A Arte da Omissao

Austeridade – alternativas

Todos sabemos que cada país tem a sua própria realidade, mas isso não impede que não analisemos os que os outros países fazem para minimizar a austeridade. É quase certo que em 2013,  a nossa dívida chegará aos  124% do PIB. Dívida controlada ou descontrolada?

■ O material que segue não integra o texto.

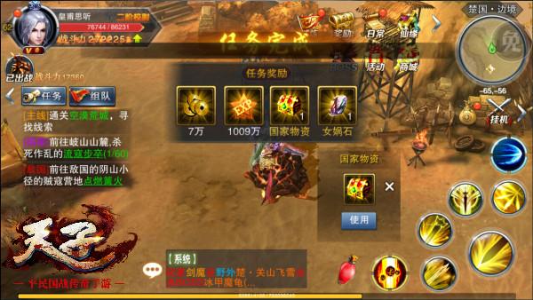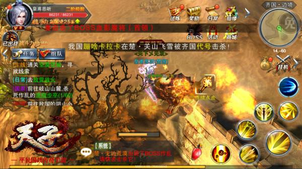 年度热血骑战动作手游《天子》全新版本“皇城争霸”震撼上线!端游级经典国战体验,还原最初的国战激情:独创“MMO”超大自由世界,尽享自由PK;丰富玩法体验,攻城野战成就一世英豪。跨服争霸体验热血掌上国战;仙灵转生,帮会建设,自由转职,打造真正属于你的“英雄”。更有边境争夺、押运粮草、刺探情报、组队禁地等超多团战PK玩法等你体验哦![详情]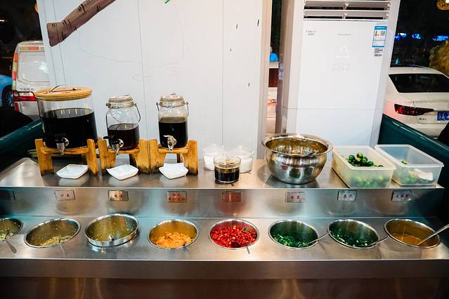 调料台上丰富满满的选择,可以任意搭配。如果不会调的话,可以让店员帮忙调一个蘸料,记得一定要在蘸碟里挤上一两个小青桔,酸酸的很有风味。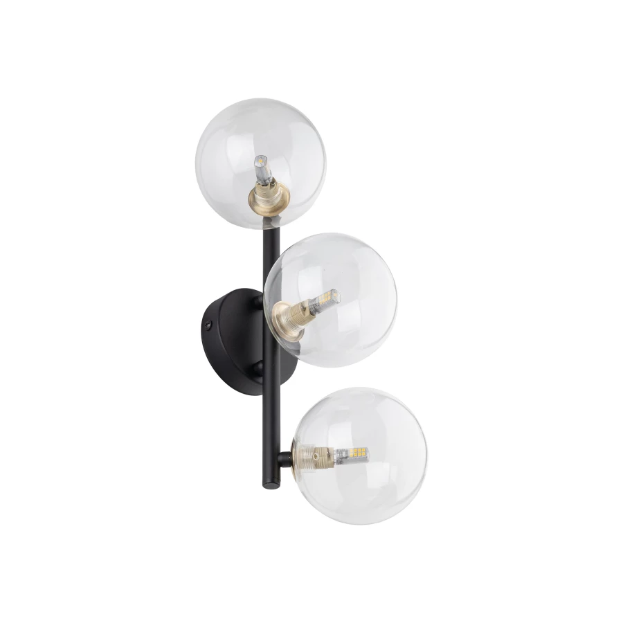 NILOS CZARNY ZŁOTY TRANSPARENTNY OPRAWA ŚCIENNA KINKIET 3 G9/ 8W STAL LAKIEROWANA STAL METALIZOWANA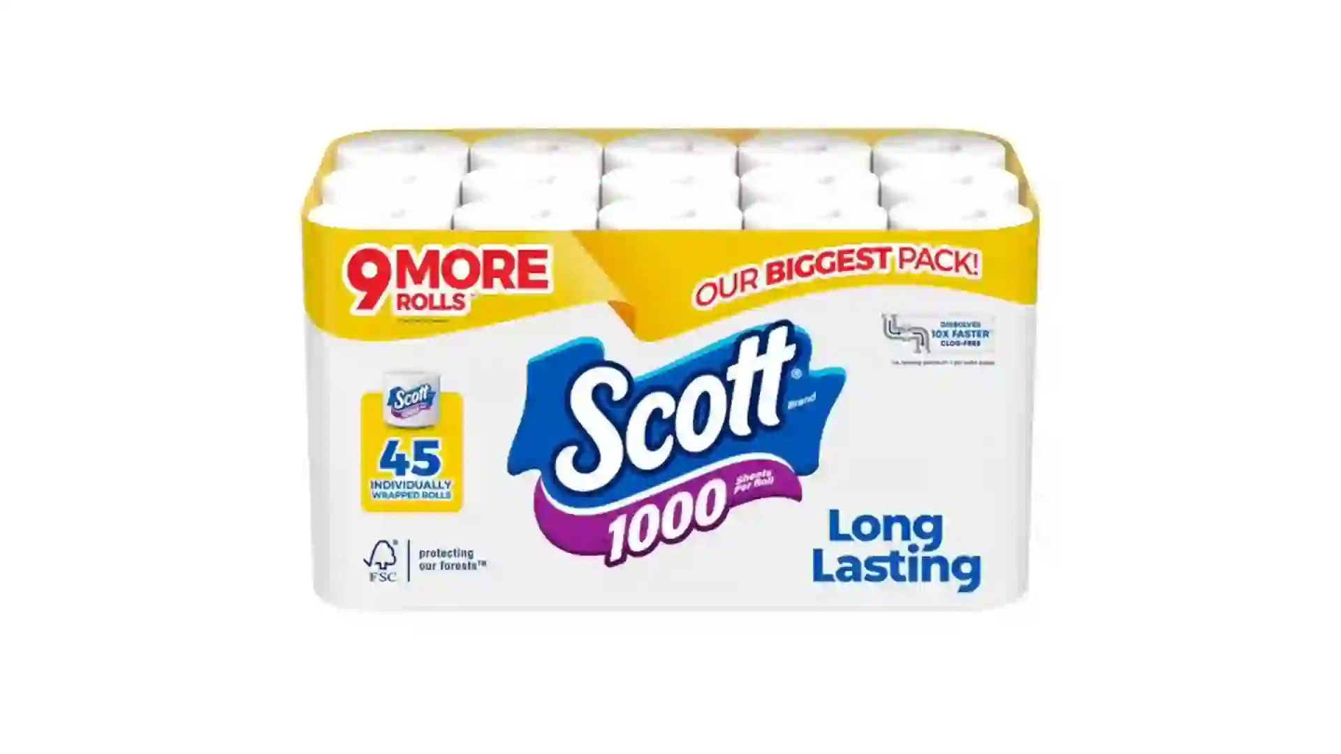 Scott 1000 1-Ply Toilet Paper 45 rolls: $30.48Â

Na minha opinião, descontrolada, embora nos tentem enganar que está controlada, mas só à custa de receitas inventadas. A nossa economia agoniza. Quase todo o défice orçamental resulta dos juros da dívida. A viragem depende só de a aliviarmos. A reestruturação da dívida pública fatalmente vai acontecer. Não será de a fazer enquanto estamos fracos mas vivos? Ou os nossos “amigos” credores vão tomar essa iniciativa quando estivermos “mortos”?

A Islândia  em 2009, tinha em recessão de – 6,6% do PIB.Em 2011, estava com um crescimento de 2,6%. bastou o povo dizer que não pagava as dívidas dos bancos em dois referendos. Em Portugal castiga-se os rendimentos do trabalho.

Paul Krugman escreveu um dia que o que os políticos aprenderam com a grande recessão, e  da pior forma, foi que com pouco dinheiro e austeridade, foram realmente más ideias, em face de uma economia profundamente deprimida. Mas tudo já foi esquecido.

Também Alex Jones explica como os banqueiros e os globalistas controlam e implosão da economia mundial rumo a escravização global.

Entretanto, o cerco dissimulado vai sendo preparado. Faz sentido criar um super-ministro das finanças na Europa?

França

Também aumentou a carga fiscal, mas redireccionou o tiro para um alvo diferente. Criou uma taxa de 75% para rendimentos profissionais maiores que 1 milhão de euros anuais. Para quem aufere anualmente rendimentos superiores a 150 mil euros, verá ser aplicada uma taxa marginal de 45%, que a somar aos descontos para a segurança social e outros impostos, poderão chegar aos 62%. Podem dizer que Holland é da Maçonaria, no entanto estas medidas têm o condão de transmitir aos franceses mais desfavorecidos, que a crise não será paga só por eles, precisamente ao contrário do que é feito cá em Portugal.

** descida de 30% dos salários do Presidente da República e dos ministros

** Cada ministro passa a contar com 15 colaboradores.

** Frota oficial do governos que era de 117 carros passou para 91

** limite máximo de 450 mil euros anuais para dirigentes de empresas públicas

** Em algumas recepções no Eliseu, o champanhe foi substituído por sidra.

** Para combater o desemprego, Holland conta com a medida, já aprovada pelo Senado, de criação de 150 mil postos de trabalho, subsidiados pelo Estado, para jovens com poucas qualificações. Uma outra proposta ainda para aprovação, propõe aumentar o valor das indemnizações por despedimento. (tal como cá)

Itália

** Redução da contribuição para a Segurança Social, em empresas que contratem trabalhadores mais velhos.

** Subsídio estatal a quem adira ao programa conhecido como Work Sharing (todos os trabalhadores aceitem reduzir o horário  e salário e em contrapartida não há despedimentos)

**Redução de impostos sobre trabalho extraordinário

** Criação de uma taxa única de 10%, em sede de IRS, para os cientistas que optem regressar ao país natal (tal como nós)

** Incentivos à troca de carros usados

Bélgica

** Alterações nos subsídios de desemprego: bom nos primeiros três meses, mais depois começa a levar cores, para incentivar o regresso ao mercado de trabalho

** Contribuição adicional para a Segurança Social pelas empresas que despedem sistematicamente os trabalhadores mais idosos.

Alemanha

** Em 2009, reduziu os impostos para trabalhadores e empresas.

** Redução de impostos para os mais pobres.

Espanha

Atrapalhada como está, está em negociações com as petrolíferas, de forma a não se reflector o aumento do IVA no preço final ao consumidor.